Watching “FIX: The Story of an Addicted City”

I recently watched Fix: The Story of an Addicted City, a documentary about Vancouver’s Downtown Eastside during the late 1990s and early 2000s. It follows the fight for safe injection sites and the people who pushed for them, especially Ann Livingston and the Vancouver Area Network of Drug Users (VANDU).

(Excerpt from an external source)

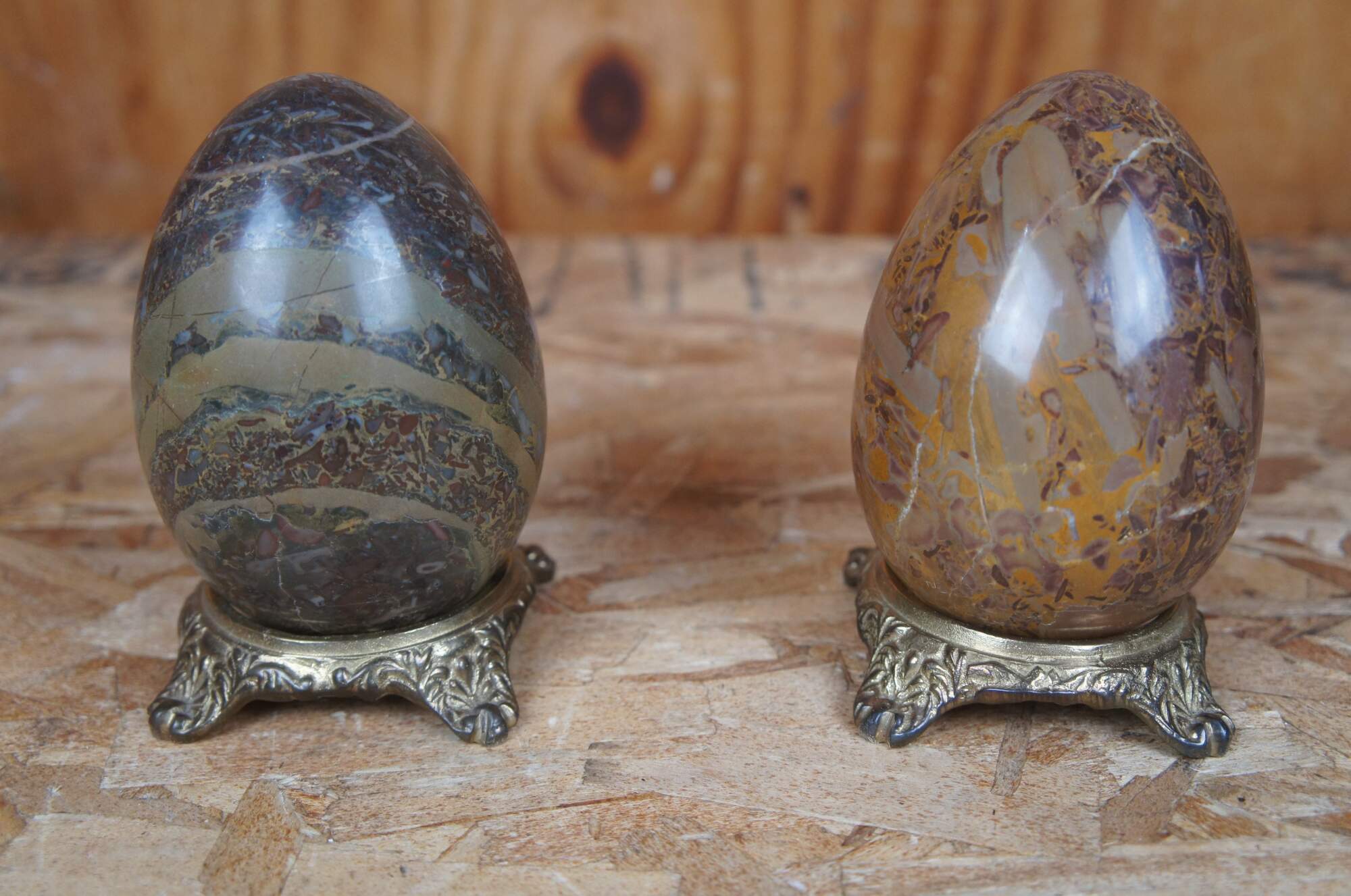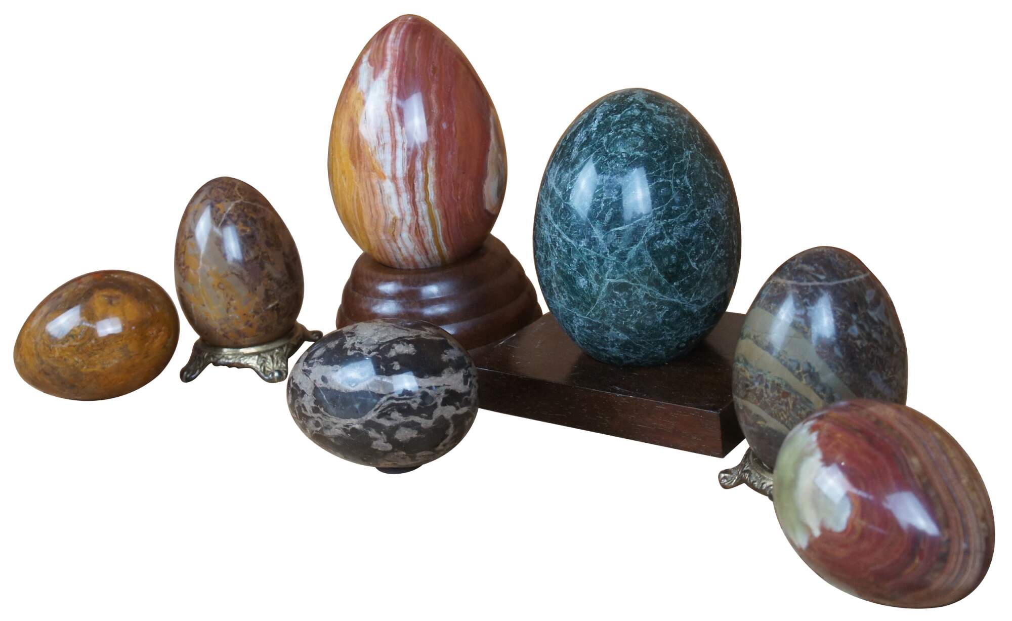 7 large eggs of assorted sizes and materials with wooden and brass stands.
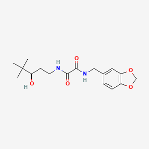 The mechanism of action of N'-[(2H-1,3-benzodioxol-5-yl)methyl]-N-(3-hydroxy-4,4-dimethylpentyl)ethanediamide involves its interaction with specific molecular targets. For instance, in medicinal applications, it may inhibit certain enzymes or bind to receptors, thereby modulating biological pathways. The exact molecular targets and pathways can vary depending on the specific application and context.

What struck me most is how much of the debate back then feels familiar today. The question of “why not just put people in treatment?” comes up in the film, and Livingston explains why it’s not that simple. For many heroin users, traditional treatment just didn’t work — the relapse rates were incredibly high. Harm reduction wasn’t about giving up on recovery. It was about keeping people alive long enough for recovery to even be possible.

The film also shows how bad things had gotten in the Downtown Eastside. At one point, it had the highest HIV infection rate in the developed world, driven by shared needles and unsafe injecting. Ambulance calls and overdose deaths were constant. Harm reduction — clean supplies, supervised spaces, and user-led organizing — was a direct response to that reality.

Another thing I took away was how surprising VANDU’s role was. The idea of drug users organizing for their own rights challenged every stereotype, but it worked. The meetings shown in the film are raw and chaotic, but they’re also proof that people most affected by the crisis could come together and push for change.

More than 20 years later, Fix doesn’t feel outdated. If anything, it shows how long these conversations have been going on and how slowly progress moves. Supervised consumption sites exist now, but the same arguments against them are still around.

The film doesn’t offer easy answers, but maybe that’s the point. Addiction, harm reduction, and recovery are complicated. What Fix does well is remind us that the first priority has to be keeping people alive.